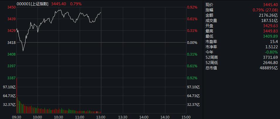 周一午盘,A股三大指数震荡走高。煤炭板块领涨,酒类、造纸、军工板块涨幅靠前;海运板块高开低走,在线教育、碳中和回调,环保、电力物联网、电子竞技等板块跌幅居前
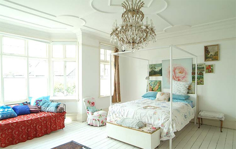Large light white rooms with eclectic decoration and colourful splashes. Perfect.
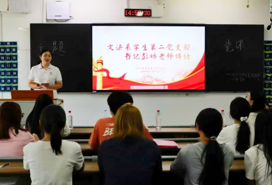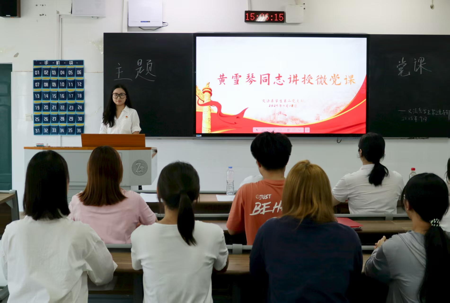 (通讯员 赵晶晶 席琴)9月18日下午,公司文法系员工第二党支部在树达楼107教室开展以“山河已无恙,吾辈当自强”为主题的微党课。文法系员工第二党支部书记彭娇出席微党课。微党课由文法系员工第二党支部组织委员黄雪琴担任主讲人。

_Exercise aim_
Copy the full listing above exactly, apart from the pictures.

_Expected answer_
 周一午盘,A股三大指数震荡走高。煤炭板块领涨,酒类、造纸、军工板块涨幅靠前;海运板块高开低走,在线教育、碳中和回调,环保、电力物联网、电子竞技等板块跌幅居前
Large light white rooms with eclectic decoration and colourful splashes. Perfect.
 (通讯员 赵晶晶 席琴)9月18日下午,公司文法系员工第二党支部在树达楼107教室开展以“山河已无恙,吾辈当自强”为主题的微党课。文法系员工第二党支部书记彭娇出席微党课。微党课由文法系员工第二党支部组织委员黄雪琴担任主讲人。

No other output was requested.